Moving back to the US

9 Oct

 

After a year of battling cancer in Switzerland, I finally managed to procure a health insurance policy in the States.  Most people in my shoes would probably have been happy to be able to return “home”, but I most definitely was not.  First of all, the insurance plan was not so great, as the monthly premium was seven times my Swiss premium, the deductible was 12 times my Swiss deductible, and I would get about 20% less coverage than what was provided by my Swiss plan. I didn’t really have a choice about going back, though, because my family needed the income my mom could earn as a teacher, and she wasn’t allowed to work legally in Switzerland.

Mom was very happy to be going back, although I wasn’t sure whether she was happiest about seeing her husband, seeing her dogs, having a clean kitchen or having a bathroom to herself.  Or not having to pay to do laundry at a certain time each week.

I, on the other hand, was much less happy about going back.  I was sad about giving up my job.  I was sad about moving far from my friends.  I was nervous about giving up the great network of doctors that I had built up in Geneva.  Plus I just plain liked the Geneva way of life — in my heart, I felt more like a Genevan than an American.  I loved it there.

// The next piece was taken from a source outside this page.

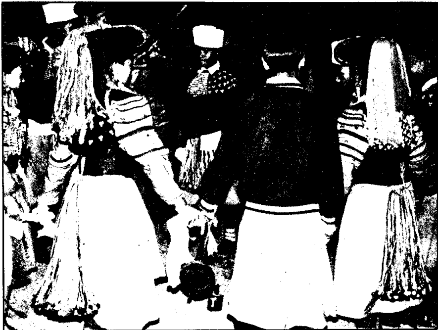
การเต้นรำในงานฉลองปีใหม่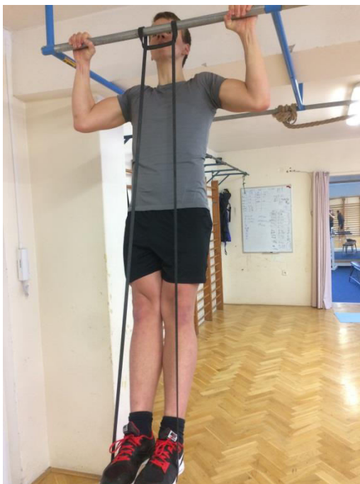
Obr. 3: Brzdívá metoda z horní stabilizované polohy

Problematika je mnohem širší a přesahuje možnosti tohoto krátkého informativního článku. Pokud ovšem budete mít zájem dozvědět se více o správném nácviku, či budete chtít znát další průpravné cviky, neváhejte mě kontaktovat.

I defended my thesis and earned my MA just a few days before we left.  Unfortunately, since we were on such a tight schedule to tie up all our loose ends in Geneva and get back to the States in time for my mom to be able to interview for jobs, we weren’t able to schedule my thesis defense on a day when my Swiss Mom could attend, even though the plan had always been to have her there.  It was especially disappointing since I blew everyone out of the water and earned a near-perfect grade of 5.9 out of 6.0.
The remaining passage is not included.